EXERCISE INSTRUCTIONS: Within the entries below, please retype exactly the lines starting with the line that has "昨天,刚开车,后面刮到了。黑" and going on through the line that has "fotografias, vídeo, música", but not the pictures.

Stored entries
*** Block opens ***
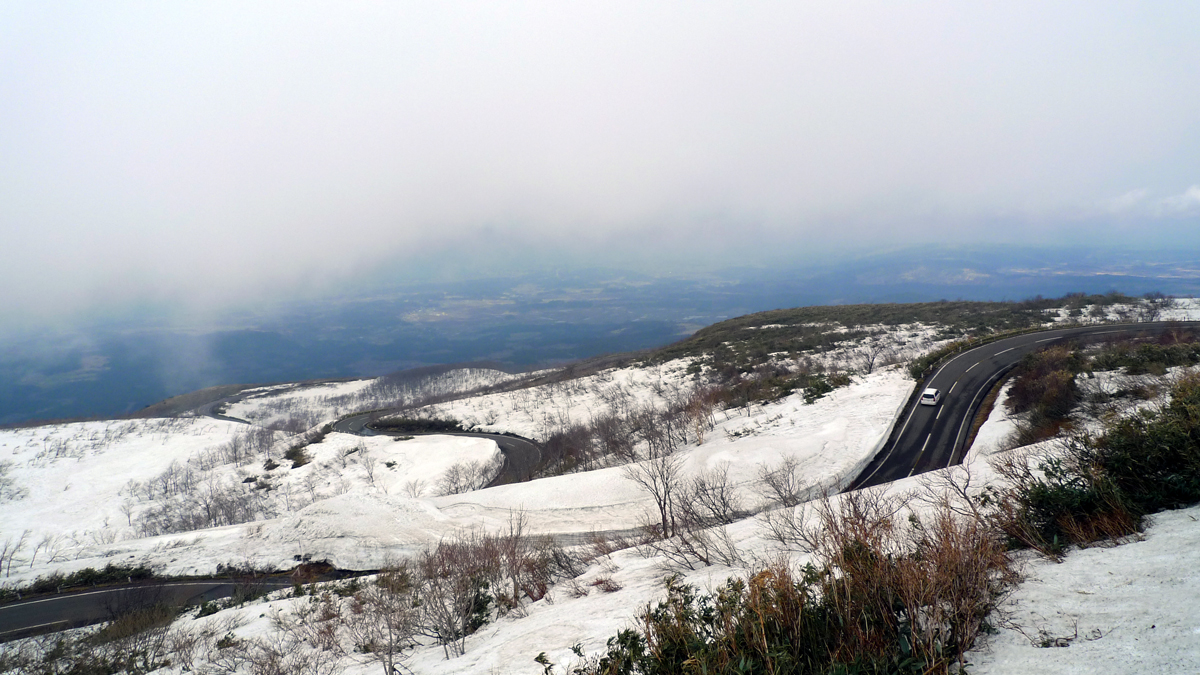 お勧めは山形側から駆け上がる方がドラマティックです。このワインディングを見ているだけで気分はもう
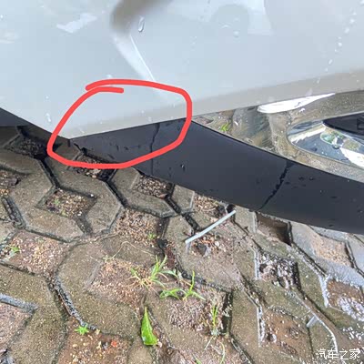 昨天,刚开车,后面刮到了。黑色和白色交接的地方,可能是挂到黑色的地方了。导致黑色和白色交接处的缝隙大了。但还连接,没掉。
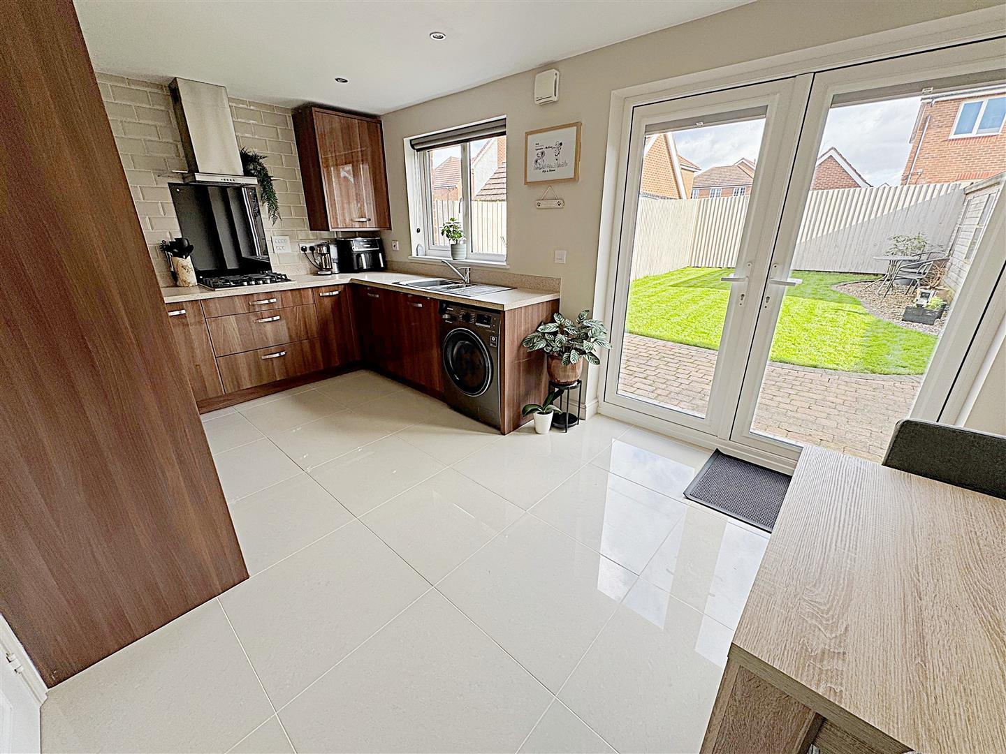 With a range of dark wood effect wall and base units, contrasting work surfaces and upstands, a stainless steel sink unit with a chrome mixer tap. A gas hob with a stainless steel extractor fan above, an integrated fridge/freezer, a dishwasher, a housed electric oven and duo microwave. A u.PVC double glazed window and French doors, a central heating radiator a tiled floor and spotlights to the ceiling.
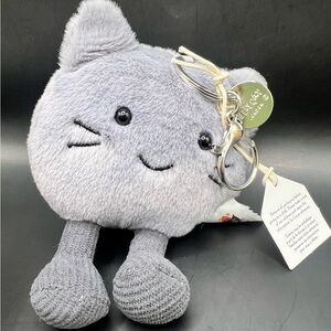 Charming Jellycat keychain with soft gray plush. Features shiny silver accents.
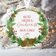 This design features a rustic watercolor Christmas wreath decorated with pine cones, berries and candy canes, surrounding the words "Our First Christmas as Grandparents" in whimsical red printing and handwriting fonts. Personalise it by adding baby's name and the year. Customise the reverse side with a favourite photo of the new grandchild, encircled by the same wreath.
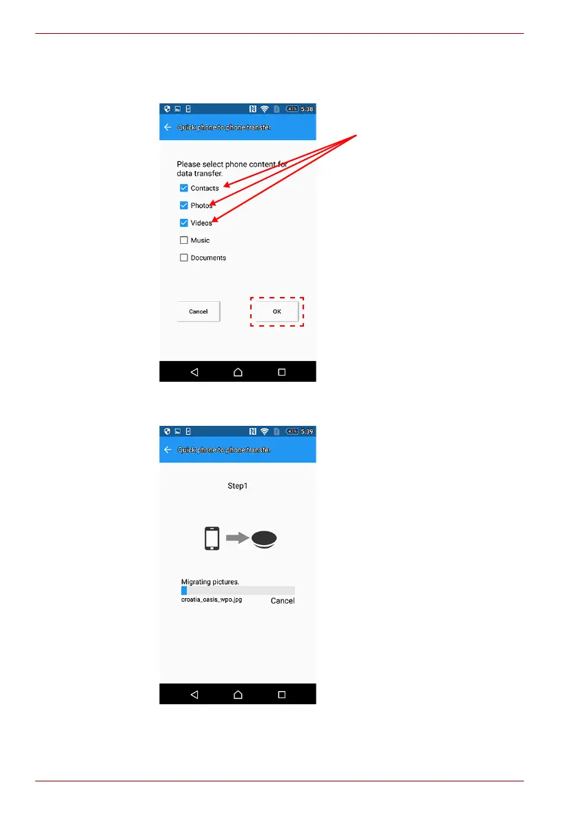 fotografias, vídeo, música e documentos) que deseja transferir.
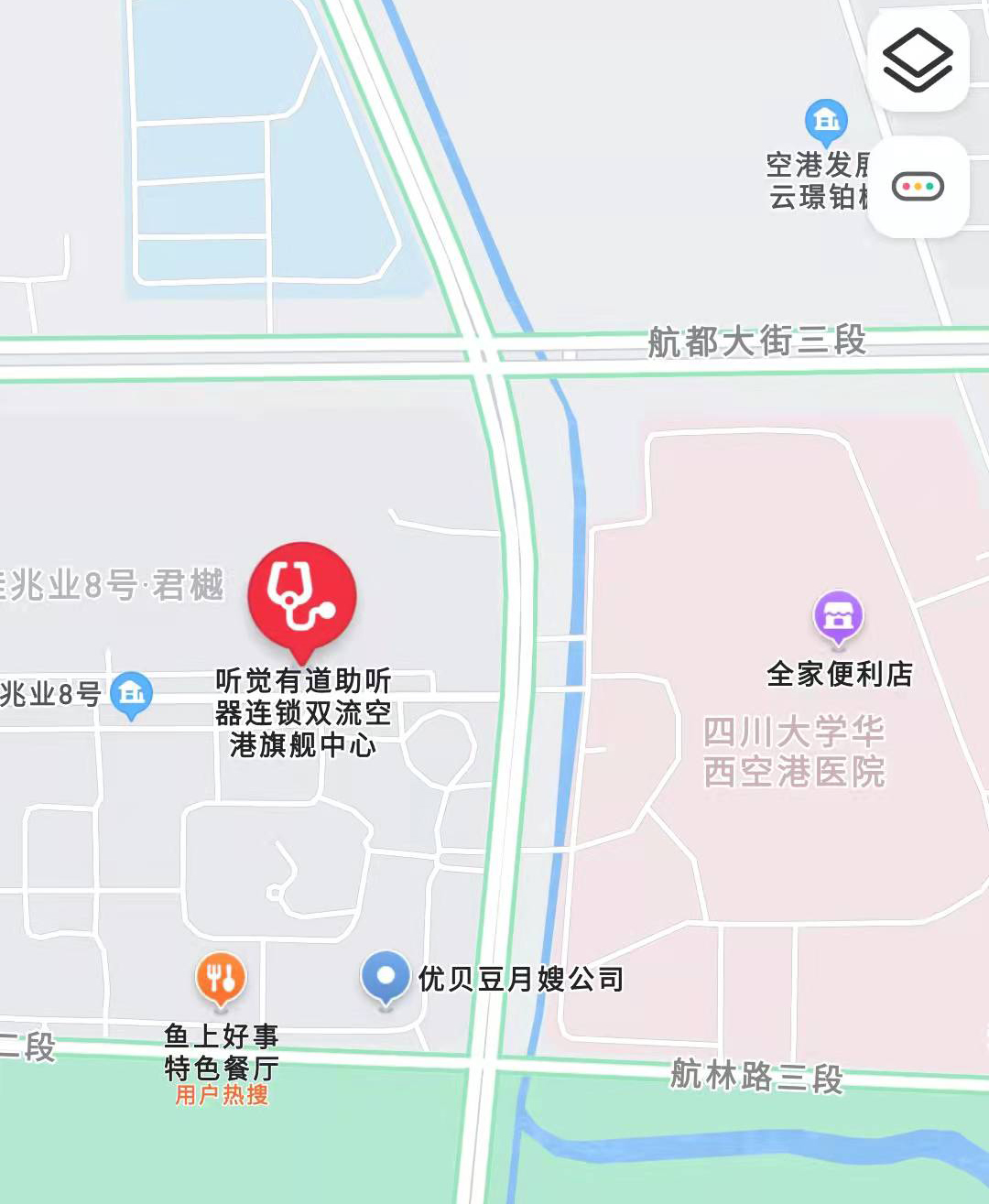 <span style="font-size:16px;"> 聽覺有道全國聽力連鎖雙流空港旗艦中心</span></div><div style="text-align: center;"><span style="font-size:16px;"><br /></span></div><div style="text-align: center;"><span style="font-size:16px;"> 正式營業(yè)啦!</span></div><div style="text-align: center;"><span style="font-size:16px;"><br /></span></div><div style="text-align: center;"><span style="font-size:16px;"><img src="/upfiles/202112240433043799.jpg" width="640" alt="" /><br /></span></div><div style="text-align: center;"><span style="font-size:16px;"><br /></span></div><div style="text-align: center;"><span style="font-size:16px;"> 歡迎新老用戶到店咨詢</span></div><div style="text-align: center;"><span style="font-size:16px;"><br /></span></div><div style="text-align: center;"><span style="font-size:16px;"> 檢測聽力,驗配、清潔保養(yǎng)助聽器</span></div><div style="text-align: center;"><span style="font-size:16px;"><br /></span></div><div style="text-align: center;"><span style="font-size:16px;"> 全國服務熱線</span></div><div style="text-align: center;"><span style="font-size:16px;"> 400 690 1828</span></div><div style="text-align: center;"><span style="font-size:16px;"><br /></span></div><div style="text-align: center;"><span style="font-size:16px;"> 門店電話</span></div><div style="text-align: center;"><span style="font-size:16px;"> 028-68485778</span></div><div style="text-align: center;"><span style="font-size:16px;"><br /></span></div><div style="text-align: center;"><span style="font-size:16px;"> 手機(微信同號)</span></div><div style="text-align: center;"><span style="font-size:16px;"> 17380530151</span></div><div style="text-align: center;"><span style="font-size:16px;"><br /></span></div><div style="text-align: center;"><span style="font-size:16px;"> 四川省成都市雙流區(qū)東升鎮(zhèn)佳居路89號(雙流空港醫(yī)院正對面)</span></div><div style="text-align: center;"><span style="font-size:16px;"><br /></span></div><div style="text-align: center;"><span style="font-size:16px;"><img src="/upfiles/202112240433297719.jpg" width="640" alt="" /><br /></span></div><div style="text-align: center;"><span style="font-size:16px;"><br /></span></div><div style="text-align: center;"><span style="font-size:16px;"> 乘坐801、803、502、563路公交,“雙流空港醫(yī)院站”下</span></div><div style="text-align: center;"><span style="font-size:16px;"><br /></span></div><div style="text-align: center;"><span style="font-size:16px;"> 歡迎蒞臨到店</span></div><div style="text-align: center;"><span style="font-size:16px;"><br /></span></div><div style="text-align: center;"><span style="font-size:16px;"> 專業(yè)驗配師</span></div><div style="text-align: center;"><span style="font-size:16px;"><br /></span></div><div style="text-align: center;"><span style="font-size:16px;"> 知名品牌助聽器</span></div><div style="text-align: center;"><span style="font-size:16px;"><br /></span></div><div style="text-align: center;"><span style="font-size:16px;"> 十大免費服務項目</span></div><div style="text-align: center;"><span style="font-size:16px;"><br /></span></div><div style="text-align: center;"><span style="font-size:16px;"> 近30年行業(yè)經(jīng)驗,門店覆蓋百余城市</span></div>" />
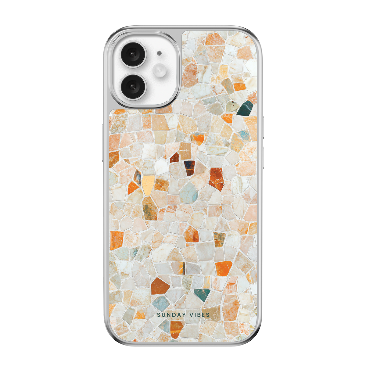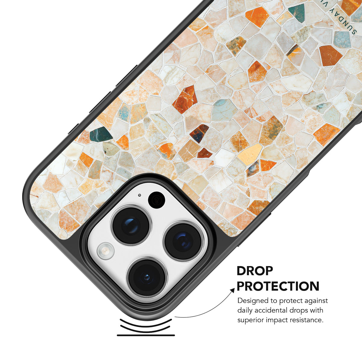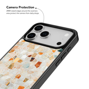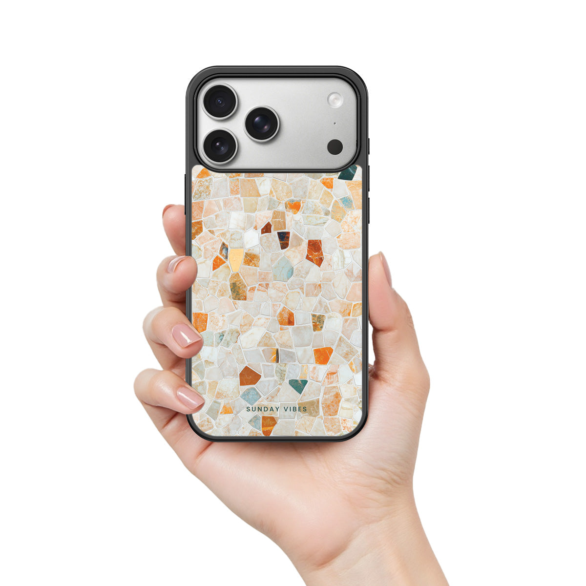 Transform your iPhone with the Mosaic Reverie iPhone Case. Its surface displays a captivating mosaic pattern, composed of an array of multicolored stone - like tiles in shades of beige, orange, and hints of blue and green. The intricate design exudes an air of artisanal craftsmanship and timeless elegance. Constructed with shock - absorbent edges, it offers reliable protection against daily impacts. The case's slim profile ensures easy portability, making it a perfect accessory for those who appreciate a blend of artistic allure and practical safeguarding.
*** Block closes ***
EXPECTED ANSWER:
 昨天,刚开车,后面刮到了。黑色和白色交接的地方,可能是挂到黑色的地方了。导致黑色和白色交接处的缝隙大了。但还连接,没掉。
 With a range of dark wood effect wall and base units, contrasting work surfaces and upstands, a stainless steel sink unit with a chrome mixer tap. A gas hob with a stainless steel extractor fan above, an integrated fridge/freezer, a dishwasher, a housed electric oven and duo microwave. A u.PVC double glazed window and French doors, a central heating radiator a tiled floor and spotlights to the ceiling.
 Charming Jellycat keychain with soft gray plush. Features shiny silver accents.
 This design features a rustic watercolor Christmas wreath decorated with pine cones, berries and candy canes, surrounding the words "Our First Christmas as Grandparents" in whimsical red printing and handwriting fonts. Personalise it by adding baby's name and the year. Customise the reverse side with a favourite photo of the new grandchild, encircled by the same wreath.
 fotografias, vídeo, música e documentos) que deseja transferir.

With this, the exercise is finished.